# tanít (grammar)



## Katalijn

I don't to use the verbs "tanítani" and  "megtanítani". I don't know whether I have to use with accusative or dative.  Please translate the following sentences!

He teaches me to read. = Engem tanít .... • Nekem tanít • Tanít hogyan kell olvasnom.
He teaches me English.
I will teach to read when I have time. =  ... amikor időm van.
My Mother taught me to read (when I was four years old).


Thanks a lot in advance!


----------



## jazyk

I think the dative is possible only when there is also an accusative in the sentence. 

Olvasni tanít engem(et). 
Tanítja nekem az angol nyelvet./Angol nyelvet tanít nekem. 
Megtanítok olvasni, ha lesz időm. 
Az anyám megtanított (engem/engemet) olvasni, amikor négy éves voltam.


----------



## Saadj

He teaches me to read  - _Olvasni_ tanít (_engem - _accusative) or _Olvasást_ (acc) tanít (_nekem_ - dative)
He teaches me English.  - Angolul tanít (engem) or Angolt (acc) tanít nekem (dative is possible)
I will teach to read when I have time - Olvasást fogok tanítani, amikor lesz időm  (in general)
My Mother taught me to read (when I was four years old). - Anyám _meg_tanított (completed action) olvasni (engem, accusative), amikor négy éves voltam.


----------



## Zsanna

Jazyk, Saadj,  .

Jazyk, when you wrote:  "Megtanítok olvasni, ha lesz időm." my immediate reaction was that it is not used like this, you just have to add a little thing: megtanítok *valakit* olvasni... (or "olvasást fogok tanítani" as Saadj suggested). But the English original is a bit strange, too, so this may be why you didn't think of it.


----------



## jazyk

Exactly!


----------



## francisgranada

For curiosity, for me the construction with dative is not "natural", i.e. I do not use it spontaneously. Of course, I know that it is used and that it is possible.

I don't know if the absence of the dative construction is a regional feature (in the North-East of the Hungarian speaking area)  or the construction with the dative is an innovation that originally did not exist.
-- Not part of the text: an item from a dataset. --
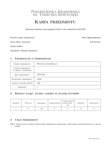 Politechnika Krakowska im. Tadeusza Kościuszki Karta przedmiotu obowiązuje studentów rozpoczynających studia w roku akademickim 2014/2015 Kierunek studiów: Budownictwo Profil: Ogólnoakademicki Forma sudiów: stacjonarne Kod kierunku: Stopień studiów: Specjalności: Wszystkie specjalności 1 Informacje o przedmiocie Nazwa przedmiotu Efektywna komunikacja () Nazwa przedmiotu w języku angielskim Kod przedmiotu Kategoria przedmiotu ogólny Liczba punktów ECTS 2.00 1 Semestry 2 3 CPiP/EK Rodzaj zajęć, liczba godzin w planie studiów Semestr Wykład Ćwiczenia Laboratorium Laboratorium komputerowe Projekt Seminarium 1 0 30 0 0 0 0 Cele przedmiotu Cel 1 Nabycie przez studenta praktycznych umiejętności poprawnego i skutecznego porozumiewania się z innymi ludźmi. Kod archiwizacji: Politechnika Krakowska im. Tadeusza Kościuszki 4 Wymagania wstępne w zakresie wiedzy, umiejętności i innych kompetencji 1 brak 5 Efekty kształcenia EK1 Wiedza Student posiada wiedzę dotyczącą procesów komunikowania interpersonalnego i społecznego, ich prawidłowości i zakłóceń. EK2 Umiejętności Student potra posługiwać się podstawowymi pojęciami teoretycznymi w celu analizowania motywów i wzorów ludzkich zachowań. EK3 Umiejętności Student ma rozwinięte umiejętności w zakresie komunikacji interpersonalnej, potra porozumiewać się w sposób precyzyjny i spójny przy użyciu różnych kanałów i technik komunikacyjnych. EK4 Kompetencje społeczne Student ma przekonanie o wadze zachowania się w sposób profesjonalny, jest przygotowany do aktywnego uczestnictwa w grupach i zdolny do porozumiewania się z ludźmi. 6 Treści programowe Ćwiczenia 7 Lp Tematyka zajęć Opis szczegółowy bloków tematycznych C1 Typy osobowości i ich znaczenie w relacjach międzyludzkich. 3 C2 Poprawna komunikacja werbalna: sztuka tworzenia pełnego komunikatu, analiza wewnętrznych stanów biorących udział w komunikacji. 5 C3 Sztuka słuchania: cele pseudosłuchania; bariery utrudniające uważne słuchanie; zasady skutecznego słuchania. 3 C4 Komunikacja niewerbalna: zależności przestrzenne; szczegółowa analiza gestów i postawy ciała; mimika twarzy a emocje. 8 C5 Parajęzyk: artykulacja, rezonans, tempo mówienia, siła głosu, wysokość dźwięku. Metakomunikaty oraz modykatory werbalne. 3 C6 Psychologiczne taktyki wywierania wpływu. 4 C7 Powszechnie stosowane taktyki autoprezentacyjne. 2 C8 Ukryte programy. 2 Narzędzia dydaktyczne N1 Prezentacje multimedialne N2 Inne Strona 2/6 Liczba godzin Politechnika Krakowska im. Tadeusza Kościuszki 8 Obciążenie pracą studenta Średnia liczba godzin na zrealizowanie aktywności Forma aktywności Godziny kontaktowe z nauczycielem akademickim, w tym: Godziny wynikające z planu studiów 30 Konsultacje przedmiotowe 15 Egzaminy i zaliczenia w sesji 0 Godziny bez udziału nauczyciela akademickiego wynikające z nakładu pracy studenta, w tym: Przygotowanie się do zajęć, w tym studiowanie zalecanej literatury 15 Opracowanie wyników 0 Przygotowanie raportu, projektu, prezentacji, dyskusji 0 Sumaryczna liczba godzin dla przedmiotu wynikająca z całego nakładu pracy studenta Sumaryczna liczba punktów ECTS dla przedmiotu 9 60 2.00 Sposoby oceny Ocena formująca F1 Ćwiczenie praktyczne Ocena podsumowująca P1 Zaliczenie ustne Kryteria oceny Efekt kształcenia 1 Na ocenę 3.0 Student słabo opanował wiedzę dotyczącą procesów komunikowania interpersonalnego i społecznego, ich prawidłowości i zakłóceń. Na ocenę 3.5 Student zadowalająco opanował wiedzę dotyczącą procesów komunikowania interpersonalnego i społecznego, ich prawidłowości i zakłóceń. Na ocenę 4.0 Student dobrze opanował wiedzę dotyczącą procesów komunikowania interpersonalnego i społecznego, ich prawidłowości i zakłóceń. Na ocenę 4.5 Student lepiej niż dobrze opanował wiedzę dotyczącą procesów komunikowania interpersonalnego i społecznego, ich prawidłowości i zakłóceń. Strona 3/6 Politechnika Krakowska im. Tadeusza Kościuszki Na ocenę 5.0 Student bardzo dobrze opanował wiedzę dotyczącą procesów komunikowania interpersonalnego i społecznego, ich prawidłowości i zakłóceń. Efekt kształcenia 2 Na ocenę 3.0 Student słabo potra posługiwać się podstawowymi pojęciami teoretycznymi w celu analizowania motywów i wzorów ludzkich zachowań. Na ocenę 3.5 Student zadowalająco potra posługiwać się podstawowymi pojęciami teoretycznymi w celu analizowania motywów i wzorów ludzkich zachowań. Na ocenę 4.0 Student dobrze potra posługiwać się podstawowymi pojęciami teoretycznymi w celu analizowania motywów i wzorów ludzkich zachowań. Na ocenę 4.5 Student lepiej niż dobrze potra posługiwać się podstawowymi pojęciami teoretyczny- mi w celu analizowania motywów i wzorów ludzkich zachowań. Na ocenę 5.0 Student bardzo dobrze potra posługiwać się podstawowymi pojęciami teoretycznymi w celu analizowania motywów i wzorów ludzkich zachowań. Efekt kształcenia 3 Na ocenę 3.0 Student ma słabo rozwinięte umiejętności w zakresie komunikacji interpersonalnej, w słabym stopniu potra porozumiewać się w sposób precyzyjny i spójny przy użyciu różnych kanałów i technik komunikacyjnych. Na ocenę 3.5 Student ma zadowalająco rozwinięte umiejętności w zakresie komunikacji interpersonalnej, w zadowalającym stopniu potra porozumiewać się w sposób precyzyjny i spój- ny przy użyciu różnych kanałów i technik komunikacyjnych. Na ocenę 4.0 Student ma dobrze rozwinięte umiejętności w zakresie komunikacji interpersonalnej, dobrze potra porozumiewać się w sposób precyzyjny i spójny przy użyciu różnych kanałów i technik komunikacyjnych. Na ocenę 4.5 Student ma lepiej niż dobrze rozwinięte umiejętności w zakresie komunikacji interpersonalnej, lepiej niż dobrze potra porozumiewać się w sposób precyzyjny i spójny przy użyciu różnych kanałów i technik komunikacyjnych. Na ocenę 5.0 S

What do you think about?


----------



## Zsanna

@ francis: when it is used in the right way, it sounds natural to me but I _suspect_ that in such a construction the use of _nekem_, _neked_, etc. can be left out, meanwhile in the construction with the accusative, it (a noun in the acccusative) is more often needed (e.g. in the one above I quoted from jazyk). 
But this would need more factual support...


----------